Södermanland Runic Inscription 270 or Sö 270 is the Rundata catalog number for a Viking Age memorial runic inscription. It is located in Tyresta National Park, Tyresta, which is about two kilometers east of Brandbergen, Stockholm County, Sweden, which is in the historic province of Södermanland.

==Description==
This runic inscription is carved into a gneiss rockface and is about 1.65 meters in height. It consists of runic text on a serpent that surrounds a Christian cross with a bird on top of it. This bird has been interpreted as being a cock. Placed on a cross, the cock would be interpreted as a Christian symbol meaning rebirth and vigilance, similar to weathercocks that are on top of churches today. A similar depiction of a bird on a cross is on the runestone fragment Sö 245 in Tungelsta. The head and tail of the serpent on Sö 270 are shown bound as if to prevent it from leaving the surface of the stone. The inscription is classified as being carved in either runestone style Pr3 or Pr4, which is also known as Urnes style.

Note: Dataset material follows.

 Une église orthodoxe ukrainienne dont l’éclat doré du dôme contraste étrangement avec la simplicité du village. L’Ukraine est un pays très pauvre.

This runestone style is characterized by slim and stylized animals that are interwoven into tight patterns. The animal heads are typically seen in profile with slender almond-shaped eyes and upwardly curled appendages on the noses and the necks.

The runic text is in the younger futhark and states that the inscription is a memorial by a father named either Farbjôrn or Freybjôrn for his son Háulfr. If the father's name is Freybjôrn, it would contain the Norse pagan god Freyr as a theophoric name element and mean "Freyr Bear." The text also states that the inscription was carved by a runemaster named Halfdan, which is normalized as Halvdan. Although over fifteen other runestones in Södermanland have been attributed for stylistic reasons to this runemaster, this is the only surviving inscription that was signed by him. The other inscriptions listed in Rundata that are attributed to Halvdan based upon stylistic analysis include Sö 235 in Västerby, Sö 237 in Fors, Sö 239 in Häringe, Sö 244 in Tuna, Sö 245 in Tungelsta, the now-lost Sö 247 in Ålsta, Sö 252 in Säby, Sö 256 in Älby, Sö 262 in Blista, Sö 269 in Söderby Malm, Sö 272 in Upp-Norrby, Sö 274 in Södersluss, Sö 290 in Farsta, Sö 292 in Bröta, Sö 297 in Uppinge, Sö 298 in Uringe Malm, and Sö 301 in Ågesta Bro. For this inscription, Halvdan used a punctuation mark usually consisting of two dots between each word in the runic text.

==Inscription==

===Transliteration of the runes into Latin characters===
far(e)biarn : lit : hagua : stain : et : haulf : sun * si- : hal(t)an : hiak : runa

===Transcription into Old Norse===
Farbjôrn/Freybjôrn lét hôggva stein at Háulf, son si[nn]. Halfdan hjó rúnar.

===Translation in English===
Farbjôrn/Freybjôrn had the stone cut in memory of Háulfr, his son. Halfdan cut the runes.